*YOUR ASSIGNMENT*. Nothing but the lines below from the one holding "Stylish, spacious &" up to and including the one holding "中国央行5月6日早上罕见在市" should be copied, exactly and without pictures.
*** Opening of EXERCISE DATA ***
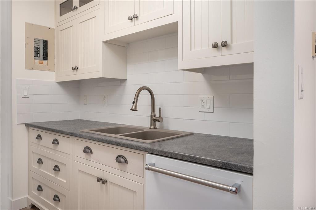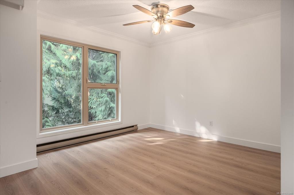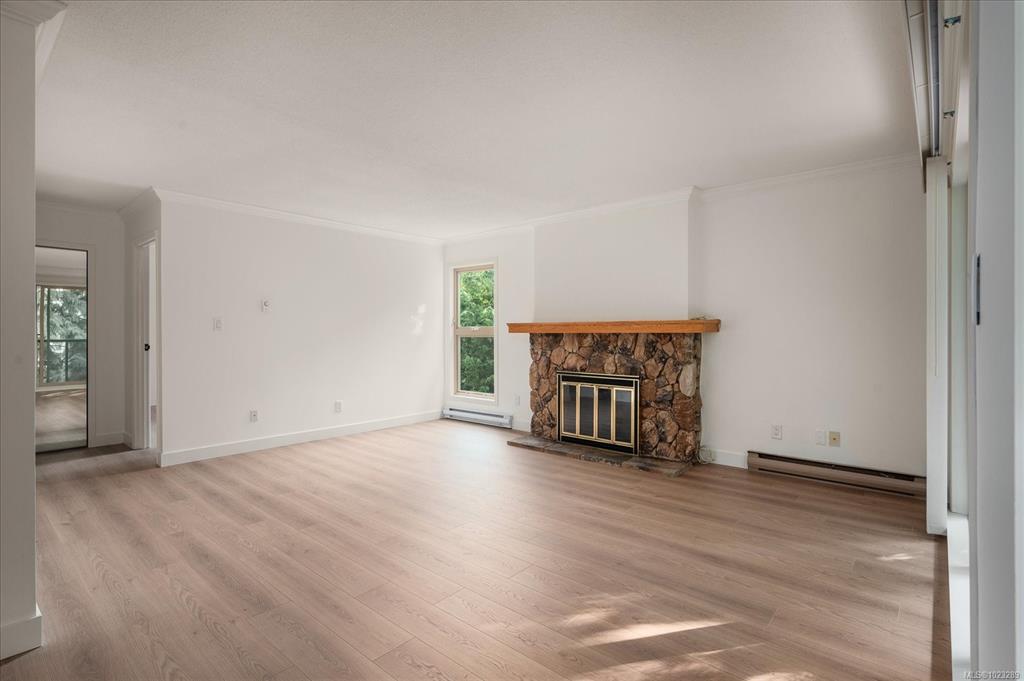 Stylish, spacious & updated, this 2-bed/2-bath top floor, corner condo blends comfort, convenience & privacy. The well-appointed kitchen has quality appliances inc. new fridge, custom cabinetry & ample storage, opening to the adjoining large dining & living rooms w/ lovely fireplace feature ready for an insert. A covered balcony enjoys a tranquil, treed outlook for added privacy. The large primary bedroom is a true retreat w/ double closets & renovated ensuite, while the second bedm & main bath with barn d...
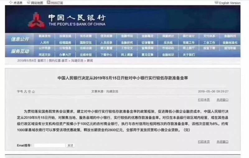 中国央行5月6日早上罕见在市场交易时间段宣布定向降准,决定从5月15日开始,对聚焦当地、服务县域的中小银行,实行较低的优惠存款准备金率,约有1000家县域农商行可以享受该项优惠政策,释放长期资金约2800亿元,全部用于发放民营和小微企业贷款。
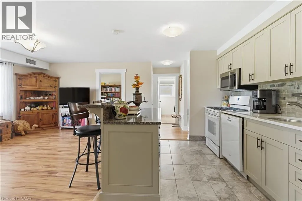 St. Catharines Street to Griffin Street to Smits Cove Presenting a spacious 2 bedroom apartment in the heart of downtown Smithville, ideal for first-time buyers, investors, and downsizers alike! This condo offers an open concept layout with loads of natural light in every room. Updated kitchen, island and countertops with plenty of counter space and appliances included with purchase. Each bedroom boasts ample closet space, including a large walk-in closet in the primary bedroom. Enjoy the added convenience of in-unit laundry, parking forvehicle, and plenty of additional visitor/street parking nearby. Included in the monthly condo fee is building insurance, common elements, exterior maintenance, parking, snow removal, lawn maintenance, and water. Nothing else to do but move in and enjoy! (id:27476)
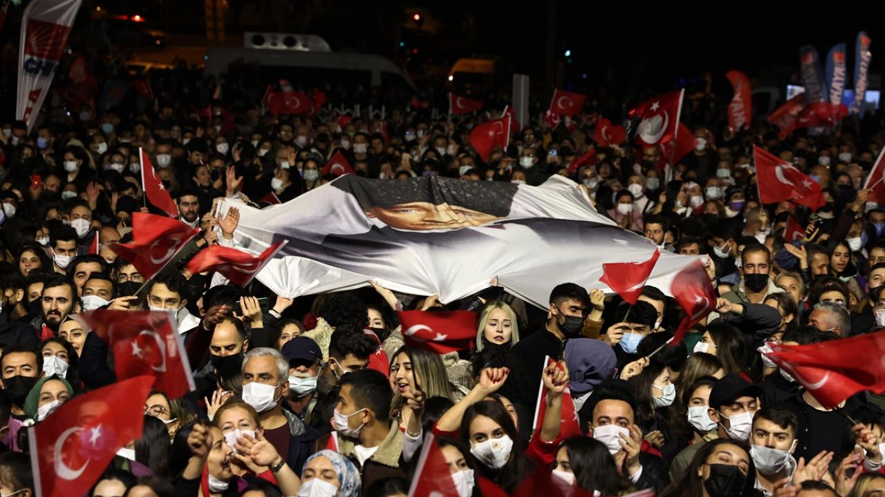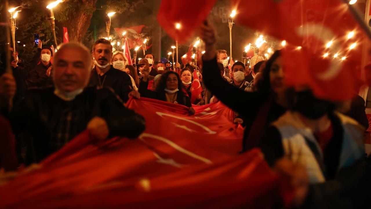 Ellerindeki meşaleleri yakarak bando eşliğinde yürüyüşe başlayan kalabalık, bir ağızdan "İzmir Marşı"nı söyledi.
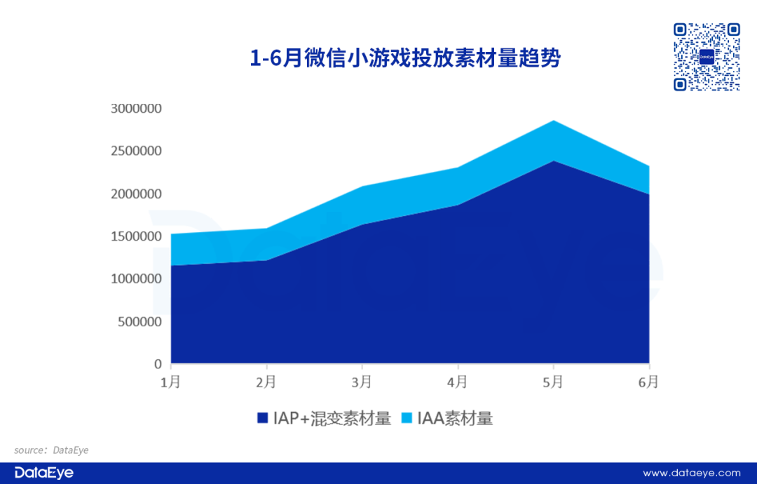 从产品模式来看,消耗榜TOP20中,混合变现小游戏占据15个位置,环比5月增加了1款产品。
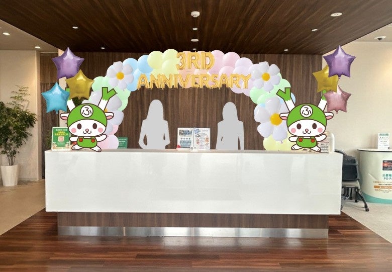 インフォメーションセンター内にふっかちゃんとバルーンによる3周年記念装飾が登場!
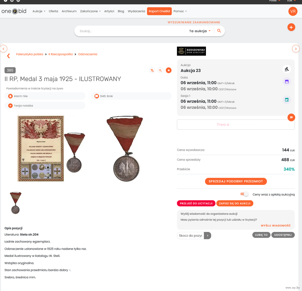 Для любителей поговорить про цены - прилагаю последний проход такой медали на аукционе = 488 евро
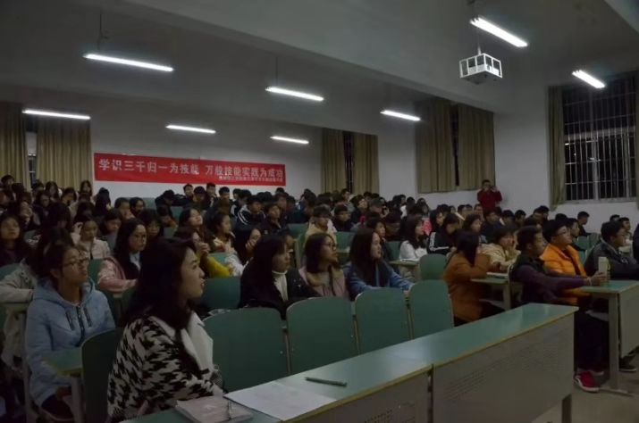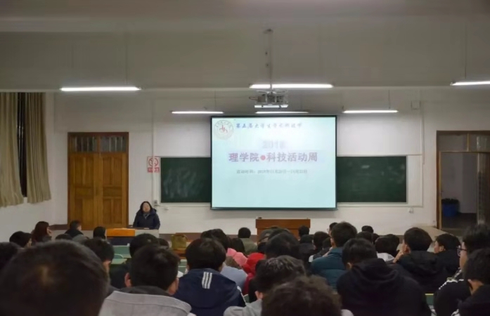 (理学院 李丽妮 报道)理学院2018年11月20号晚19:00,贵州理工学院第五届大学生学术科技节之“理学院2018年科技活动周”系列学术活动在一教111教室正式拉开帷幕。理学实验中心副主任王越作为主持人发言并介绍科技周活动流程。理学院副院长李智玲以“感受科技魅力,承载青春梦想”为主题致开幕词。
*** Close of EXERCISE DATA ***
*** Opening of EXERCISE DATA ***
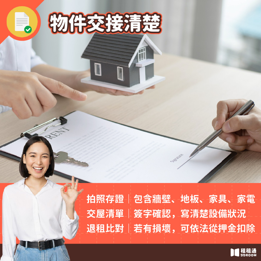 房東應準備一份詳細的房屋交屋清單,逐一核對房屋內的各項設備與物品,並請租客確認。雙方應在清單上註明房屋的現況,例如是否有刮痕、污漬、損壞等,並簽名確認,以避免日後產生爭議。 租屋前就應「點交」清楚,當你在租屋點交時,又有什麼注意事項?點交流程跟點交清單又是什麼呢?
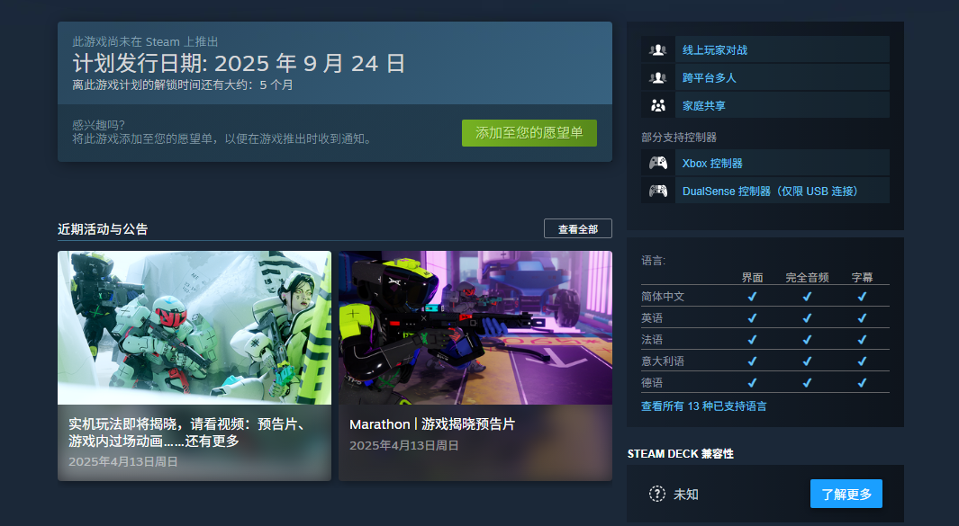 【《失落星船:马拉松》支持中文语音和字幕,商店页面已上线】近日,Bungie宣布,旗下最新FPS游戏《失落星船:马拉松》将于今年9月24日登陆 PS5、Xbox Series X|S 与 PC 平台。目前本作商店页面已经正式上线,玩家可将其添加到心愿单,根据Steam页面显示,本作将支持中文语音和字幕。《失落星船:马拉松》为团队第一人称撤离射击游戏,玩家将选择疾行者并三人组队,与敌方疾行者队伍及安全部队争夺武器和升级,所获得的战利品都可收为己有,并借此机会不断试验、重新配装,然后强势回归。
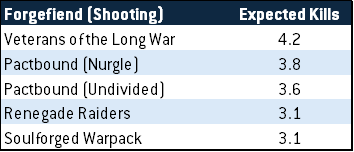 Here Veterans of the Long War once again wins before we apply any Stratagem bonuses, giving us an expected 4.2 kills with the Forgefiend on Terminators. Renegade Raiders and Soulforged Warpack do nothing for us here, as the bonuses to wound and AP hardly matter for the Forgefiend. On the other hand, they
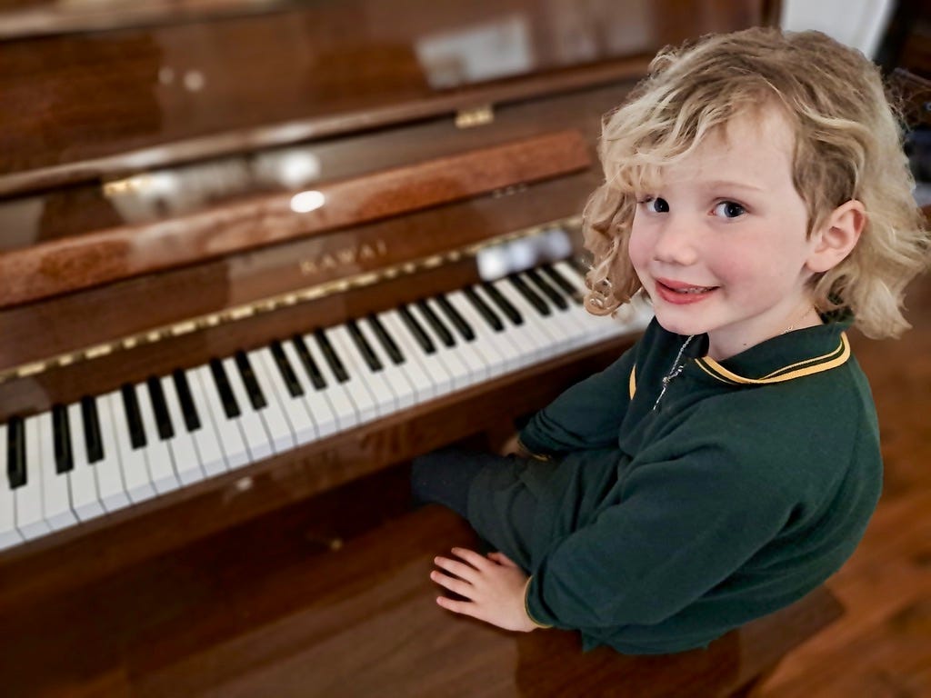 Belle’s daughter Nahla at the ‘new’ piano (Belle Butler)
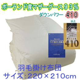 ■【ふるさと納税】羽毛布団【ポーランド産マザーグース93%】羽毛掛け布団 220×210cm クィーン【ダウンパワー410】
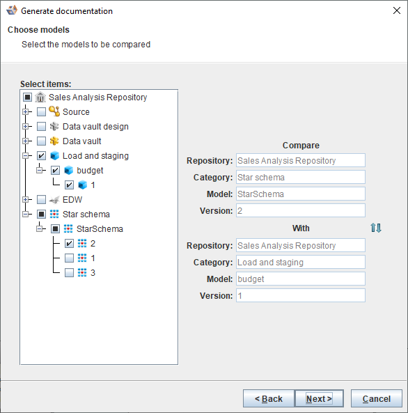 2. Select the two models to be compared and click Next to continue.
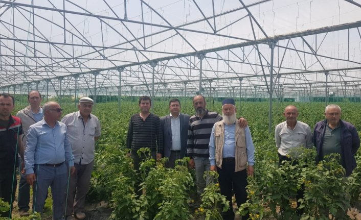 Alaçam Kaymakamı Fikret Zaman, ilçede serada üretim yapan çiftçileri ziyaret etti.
*** Close of EXERCISE DATA ***
*** Opening of EXERCISE DATA ***
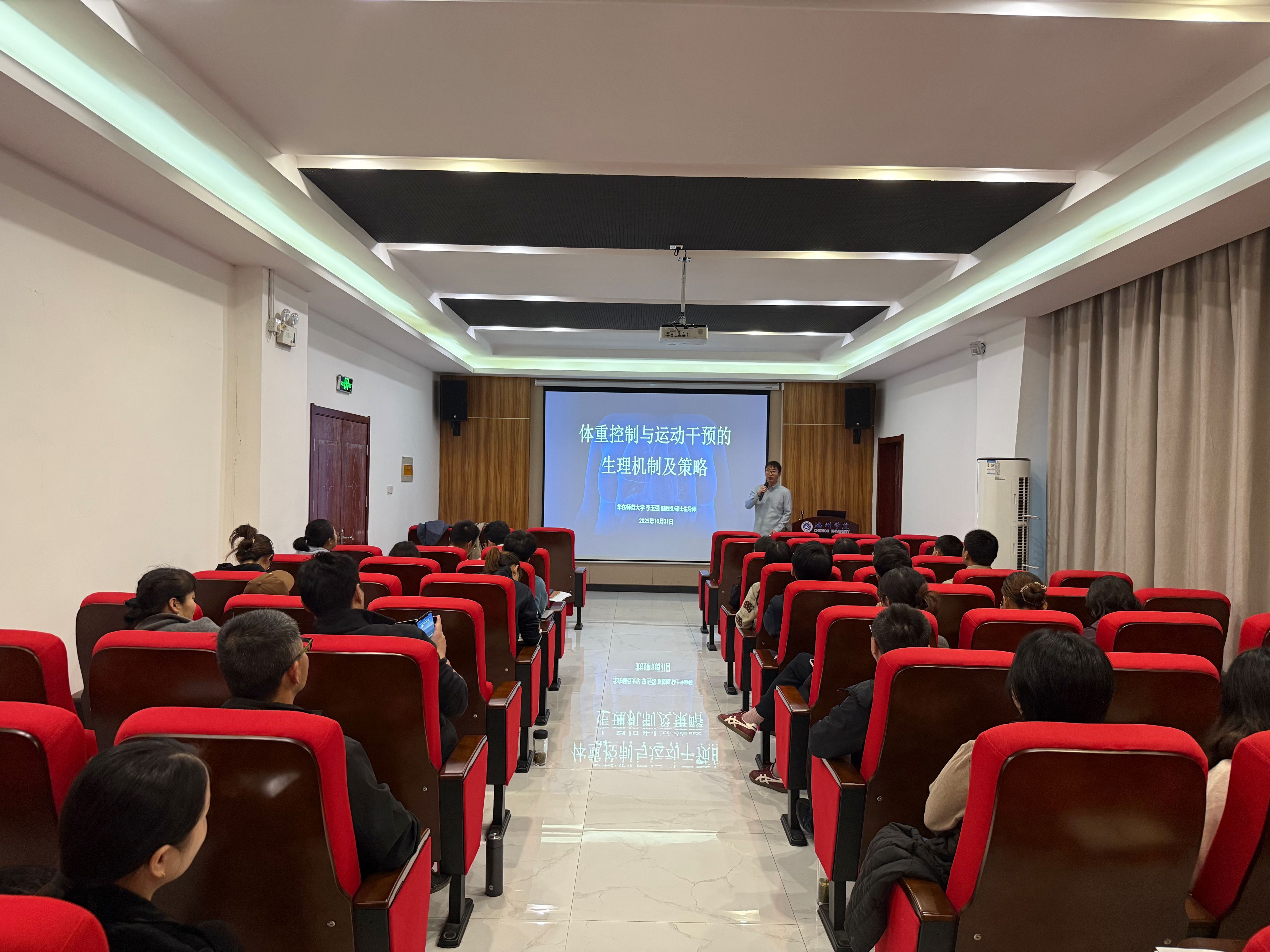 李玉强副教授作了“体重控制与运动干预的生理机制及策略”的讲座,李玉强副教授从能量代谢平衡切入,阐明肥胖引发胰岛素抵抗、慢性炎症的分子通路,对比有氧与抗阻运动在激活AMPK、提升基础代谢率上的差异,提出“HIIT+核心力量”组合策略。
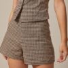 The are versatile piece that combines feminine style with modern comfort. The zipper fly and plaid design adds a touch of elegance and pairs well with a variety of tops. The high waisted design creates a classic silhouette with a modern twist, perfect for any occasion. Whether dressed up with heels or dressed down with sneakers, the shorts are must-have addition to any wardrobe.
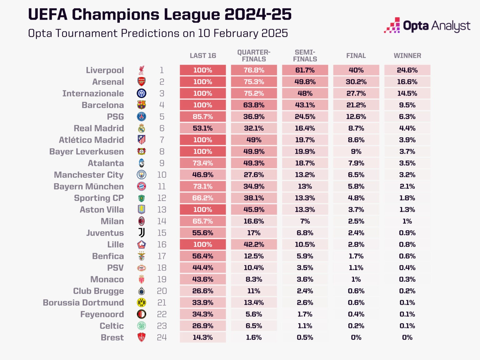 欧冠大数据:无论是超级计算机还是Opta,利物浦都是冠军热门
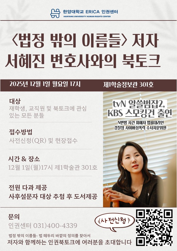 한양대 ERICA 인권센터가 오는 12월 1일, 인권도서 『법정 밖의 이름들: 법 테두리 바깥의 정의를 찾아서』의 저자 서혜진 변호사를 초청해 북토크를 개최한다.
*** Close of EXERCISE DATA ***
*EXERCISE RESULT*.
 Stylish, spacious & updated, this 2-bed/2-bath top floor, corner condo blends comfort, convenience & privacy. The well-appointed kitchen has quality appliances inc. new fridge, custom cabinetry & ample storage, opening to the adjoining large dining & living rooms w/ lovely fireplace feature ready for an insert. A covered balcony enjoys a tranquil, treed outlook for added privacy. The large primary bedroom is a true retreat w/ double closets & renovated ensuite, while the second bedm & main bath with barn d...
 中国央行5月6日早上罕见在市场交易时间段宣布定向降准,决定从5月15日开始,对聚焦当地、服务县域的中小银行,实行较低的优惠存款准备金率,约有1000家县域农商行可以享受该项优惠政策,释放长期资金约2800亿元,全部用于发放民营和小微企业贷款。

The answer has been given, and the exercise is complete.